May people, including Christians, tend to assume that becoming a Christian makes you a better person. This is not true - or at least not necessarily true. The situation is more of a double-negative; that unless you become a Christian you cannot become a better person.
What Christian faith brings is not betterment but discernment. Christianity faith brings you a basis for discerning good from evil - which is necessary for you to learn from experience.
Or, to put matters more starkly; if you are not a Christian then (as Frank Berger has explained recently) you cannot learn from experience.
Knowing real-good from real-evil is necessary for real-learning, and without real learning you cannot get better.
Whether or not the Christian actually does get observably, objectively morally better in their behaviour; will depend on several factors - including their personality, upbringing and the society they inhabit.
But that is not the essence of Christianity. As often said: Christ came to save sinners - sinners are saved even if they do not become good. What is needed is 'repentance' - and repentance requires discernment: that is, knowing the difference between good and evil and identifying which is which. Then joining allegiance to good, and rejecting evil.

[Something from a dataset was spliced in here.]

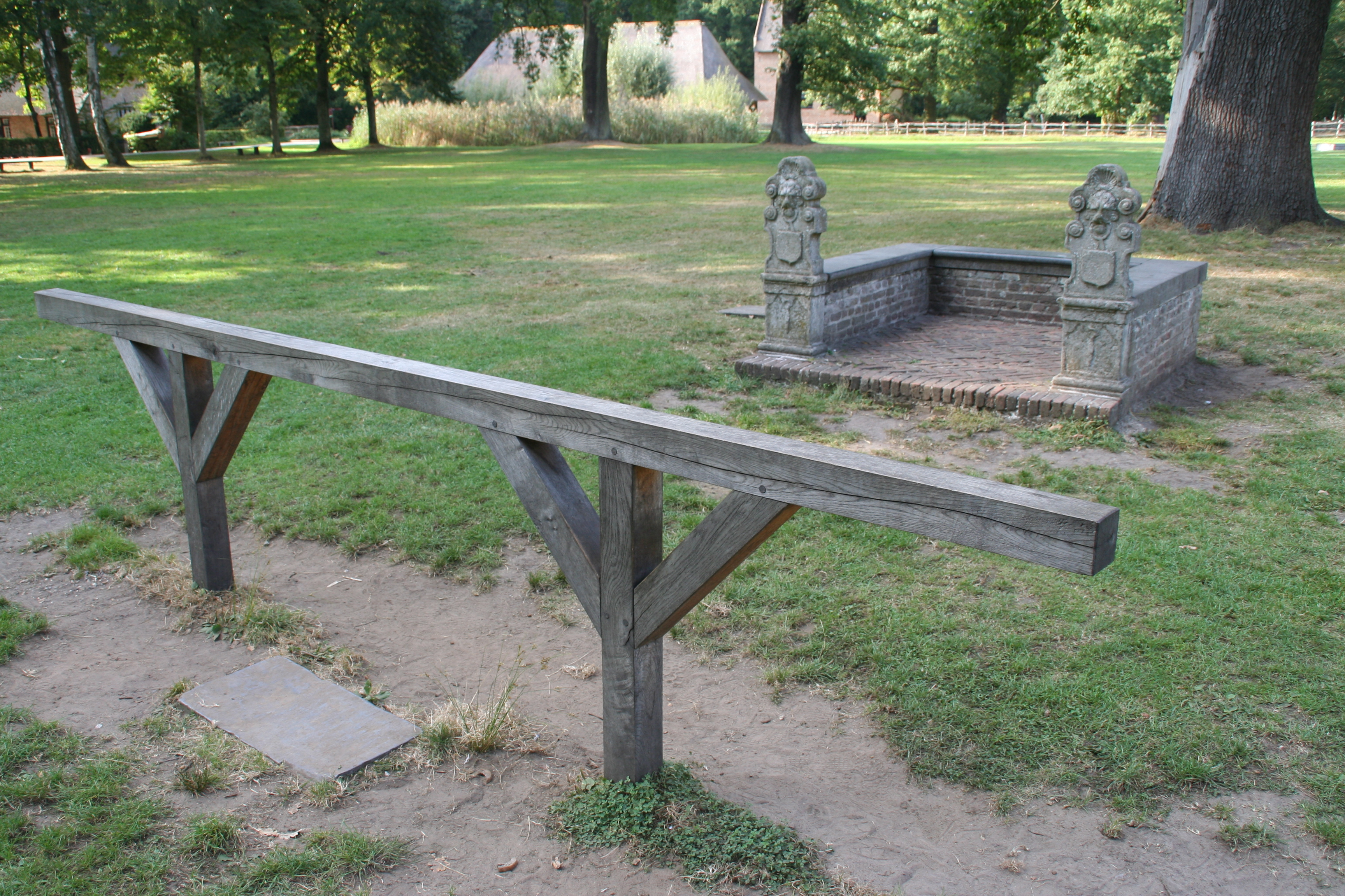 Pre-1789 law court in Belgium: the wooden stand in the foreground is the accused's bar while the stone seat in the rear is the magistrate's bench. Reproduction of the Groene Vierschaar from Bevere (Oudenaarde) in the Bokrijk open-air museum.

Modern Man, by contrast, often does not acknowledge evil - either rejecting the concept; regarding evil as relativistic, arbitrary, and socially-dictated; or equivalent to anything that causes suffering - especially of himself or people he likes; or else, in extreme and especially in the sexual realm, he inverts them - and regards his evil as what-used-to-be called good by Christians, and his new-'good' is whatever was disapproved or prohibited by Christians or traditional society.
In sum: Modern Man cannot, does-not learn, because he lacks discernment; and discernment can only come (for Modern Man) from truth, therefore from Christianity. And under modern conditions discernment must come from within each individual (obedience to institutional discernment will not suffice, and modern institutions are nearly-always corrupt and getting worse).
Discernment does not necessarily come from Christianity; but unless it comes from Christianity, it will not be real, powerful, or motivating-enough to enable that discernment which saves.
Oi, BC, you're a medical man. Is there anything you feel you'd like to say about the Wuhan epidemic? Or is that best left to specialists? The trouble is you can never be sure of the incentives of specialists, save for being sure that they want their own research groups handsomely funded.
What the world needs are more stern Presbyterian specialists, be they Christian or atheist.